The task: Without any of the pictures, transcribe all the lines below exactly.

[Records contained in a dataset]

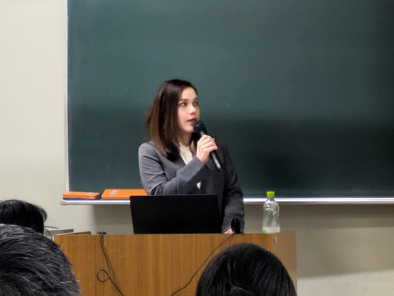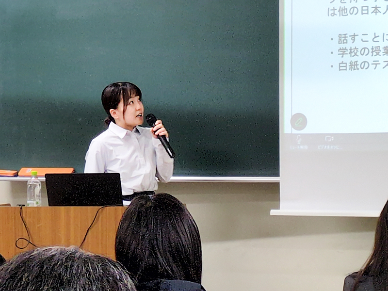 外国人集住地域や散在地域での調査結果を報告するブルーナさん -
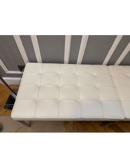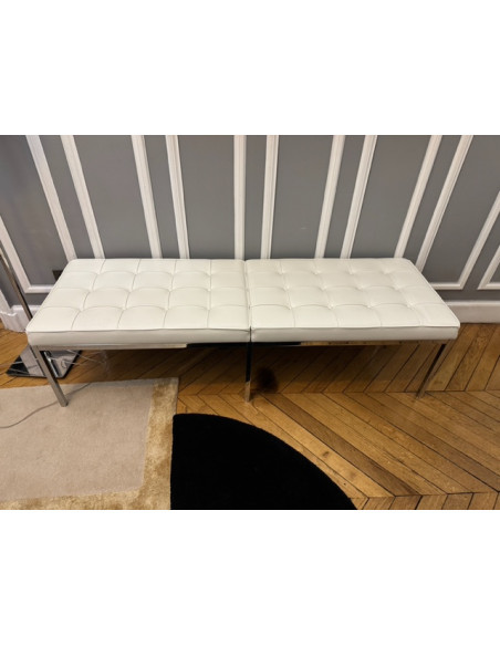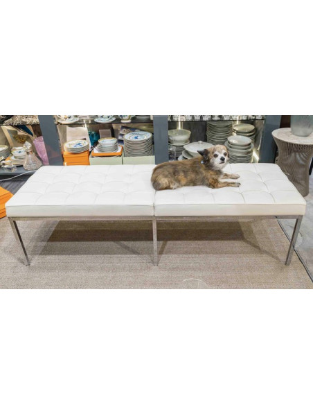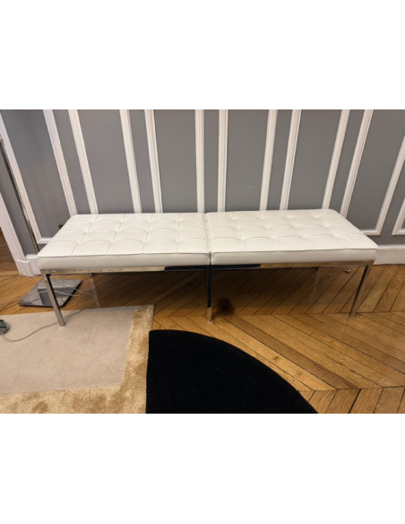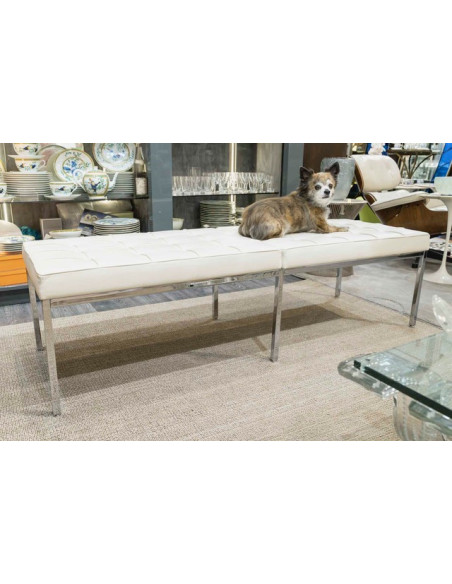 Florence Knoll is not only co-founder of Knoll International, but also a brilliant designer and pioneer in the production of modern furniture in the Bauhaus tradition. Her imaginative design had a lasting influence on the interior architecture of the time. The Florence Knoll bench rightly bears the name of its creator. The timeless seating furniture, which the designer conceived in 1954, impresses with the quality of its materials and its reduced-to-essentials design. The Florence Knoll bench has become a true classic and is offered by Knoll International in two sizes - as a two- and three-seater. This timeless piece of furniture is made from chrome-plated square tubular steel. Comfortable leather upholstery with piped seams and leather-covered buttons aesthetically completes the elegant bench. Florence Knoll's original bench can be identified by the embossed Knoll logo and the designer's signature on the bench frame.
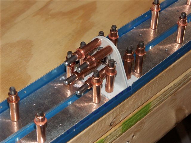 Parint and Rivet of Bearing assembly. Painted the bearing and then riveted into the HS411Bpp brackets. Yippee first rivets on the real plane. Its a small part but COOL!
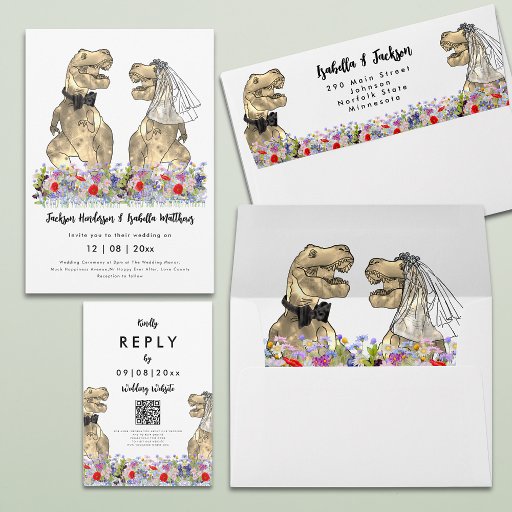 Fun Dinosaur mariage thématique RSVP en ligne QR Code carte de boîtier site Web avec mariée T-Rex et marié dans une prairie fleur sauvage préhistorique colorée. Calligraphie moderne de typographie lunaire avec facile à personnaliser le modèle afin que vous puissiez ajouter le code QR du site mariage et l'adresse web du navigateur et des instructions utiles pour les invités. Unique Tyrannosaurus Rex marié et marié avec aquarelle d'été art floral original oeuvre de l'artiste Catherine Sweetman Idéal pour la réception du jour de mariage ou le dîner de répétition. La suite mariage jumelée comprend tout ce dont vous aurez besoin lors de votre voyage mariage amusant
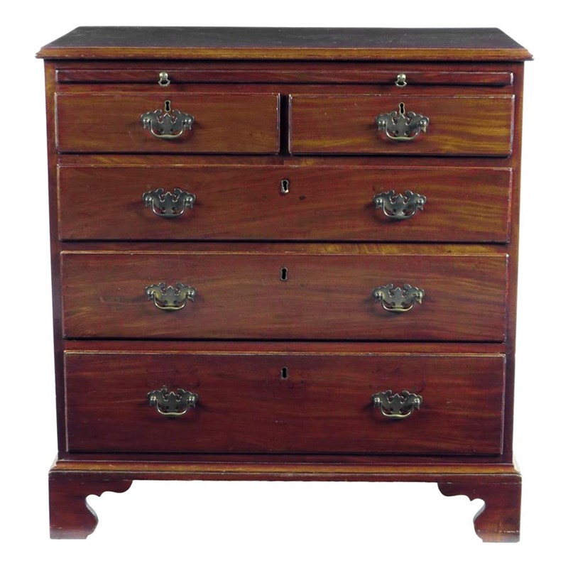 An early George III mahogany chest, fitted with a baize lined brushing slide, above two short and three long graduated drawers, 85.8cm high, 82.2cm wide, 46.8cm deep,
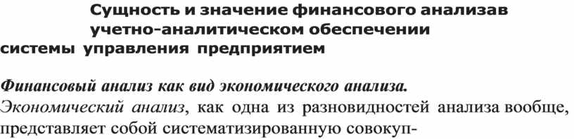 Финансовый анализ как вид экономического анализа.

Answer to the problem:
 外国人集住地域や散在地域での調査結果を報告するブルーナさん -
 Florence Knoll is not only co-founder of Knoll International, but also a brilliant designer and pioneer in the production of modern furniture in the Bauhaus tradition. Her imaginative design had a lasting influence on the interior architecture of the time. The Florence Knoll bench rightly bears the name of its creator. The timeless seating furniture, which the designer conceived in 1954, impresses with the quality of its materials and its reduced-to-essentials design. The Florence Knoll bench has become a true classic and is offered by Knoll International in two sizes - as a two- and three-seater. This timeless piece of furniture is made from chrome-plated square tubular steel. Comfortable leather upholstery with piped seams and leather-covered buttons aesthetically completes the elegant bench. Florence Knoll's original bench can be identified by the embossed Knoll logo and the designer's signature on the bench frame.
 Parint and Rivet of Bearing assembly. Painted the bearing and then riveted into the HS411Bpp brackets. Yippee first rivets on the real plane. Its a small part but COOL!
 Fun Dinosaur mariage thématique RSVP en ligne QR Code carte de boîtier site Web avec mariée T-Rex et marié dans une prairie fleur sauvage préhistorique colorée. Calligraphie moderne de typographie lunaire avec facile à personnaliser le modèle afin que vous puissiez ajouter le code QR du site mariage et l'adresse web du navigateur et des instructions utiles pour les invités. Unique Tyrannosaurus Rex marié et marié avec aquarelle d'été art floral original oeuvre de l'artiste Catherine Sweetman Idéal pour la réception du jour de mariage ou le dîner de répétition. La suite mariage jumelée comprend tout ce dont vous aurez besoin lors de votre voyage mariage amusant
 An early George III mahogany chest, fitted with a baize lined brushing slide, above two short and three long graduated drawers, 85.8cm high, 82.2cm wide, 46.8cm deep,
 Финансовый анализ как вид экономического анализа.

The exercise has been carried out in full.